» ABOUT THIS EXERCISE
Give a verbatim copy of the lines below, minus the pictures.

----------------

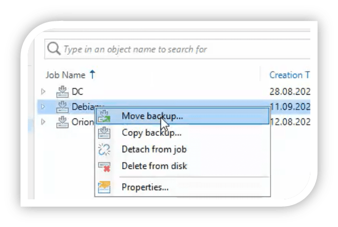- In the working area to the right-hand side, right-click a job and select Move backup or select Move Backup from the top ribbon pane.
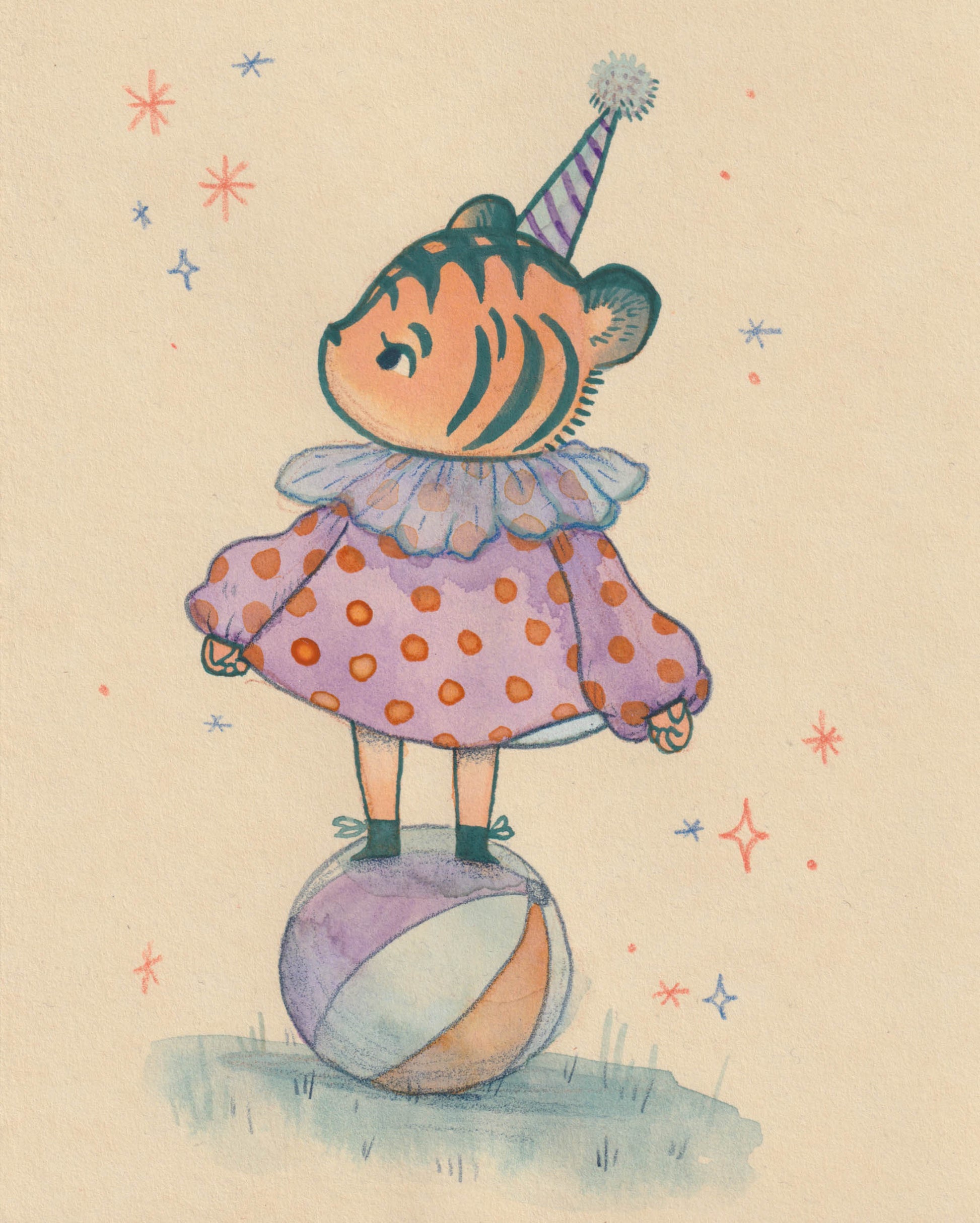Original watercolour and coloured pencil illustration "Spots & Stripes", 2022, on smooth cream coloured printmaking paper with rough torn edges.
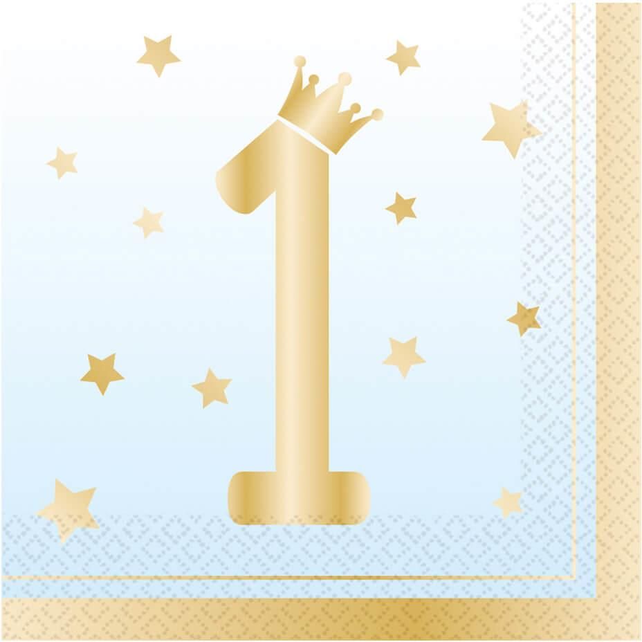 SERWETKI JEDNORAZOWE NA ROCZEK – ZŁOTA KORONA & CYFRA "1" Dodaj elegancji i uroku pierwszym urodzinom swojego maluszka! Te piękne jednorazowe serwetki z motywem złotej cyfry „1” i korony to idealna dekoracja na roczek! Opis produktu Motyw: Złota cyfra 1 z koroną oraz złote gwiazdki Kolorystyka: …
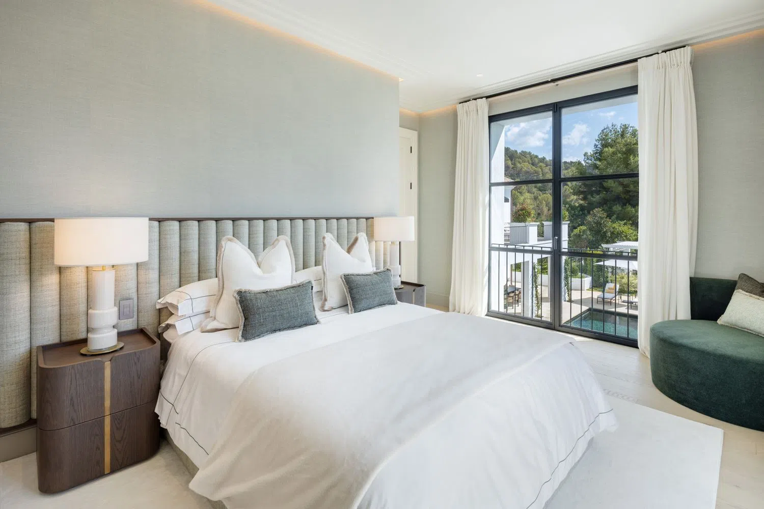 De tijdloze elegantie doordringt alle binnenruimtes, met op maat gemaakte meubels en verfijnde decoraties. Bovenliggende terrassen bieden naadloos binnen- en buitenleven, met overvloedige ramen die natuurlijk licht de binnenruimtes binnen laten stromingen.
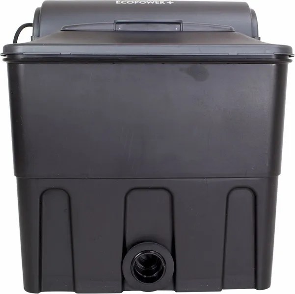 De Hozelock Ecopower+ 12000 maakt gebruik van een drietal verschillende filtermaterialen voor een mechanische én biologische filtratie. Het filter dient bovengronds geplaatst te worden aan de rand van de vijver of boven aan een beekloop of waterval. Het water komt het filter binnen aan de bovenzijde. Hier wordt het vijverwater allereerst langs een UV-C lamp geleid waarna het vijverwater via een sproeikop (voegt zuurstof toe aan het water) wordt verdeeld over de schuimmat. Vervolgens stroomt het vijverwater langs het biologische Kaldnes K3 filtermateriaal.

----------------

» TASK RESPONSE
- In the working area to the right-hand side, right-click a job and select Move backup or select Move Backup from the top ribbon pane.
Original watercolour and coloured pencil illustration "Spots & Stripes", 2022, on smooth cream coloured printmaking paper with rough torn edges.
 SERWETKI JEDNORAZOWE NA ROCZEK – ZŁOTA KORONA & CYFRA "1" Dodaj elegancji i uroku pierwszym urodzinom swojego maluszka! Te piękne jednorazowe serwetki z motywem złotej cyfry „1” i korony to idealna dekoracja na roczek! Opis produktu Motyw: Złota cyfra 1 z koroną oraz złote gwiazdki Kolorystyka: …
 De tijdloze elegantie doordringt alle binnenruimtes, met op maat gemaakte meubels en verfijnde decoraties. Bovenliggende terrassen bieden naadloos binnen- en buitenleven, met overvloedige ramen die natuurlijk licht de binnenruimtes binnen laten stromingen.
 De Hozelock Ecopower+ 12000 maakt gebruik van een drietal verschillende filtermaterialen voor een mechanische én biologische filtratie. Het filter dient bovengronds geplaatst te worden aan de rand van de vijver of boven aan een beekloop of waterval. Het water komt het filter binnen aan de bovenzijde. Hier wordt het vijverwater allereerst langs een UV-C lamp geleid waarna het vijverwater via een sproeikop (voegt zuurstof toe aan het water) wordt verdeeld over de schuimmat. Vervolgens stroomt het vijverwater langs het biologische Kaldnes K3 filtermateriaal.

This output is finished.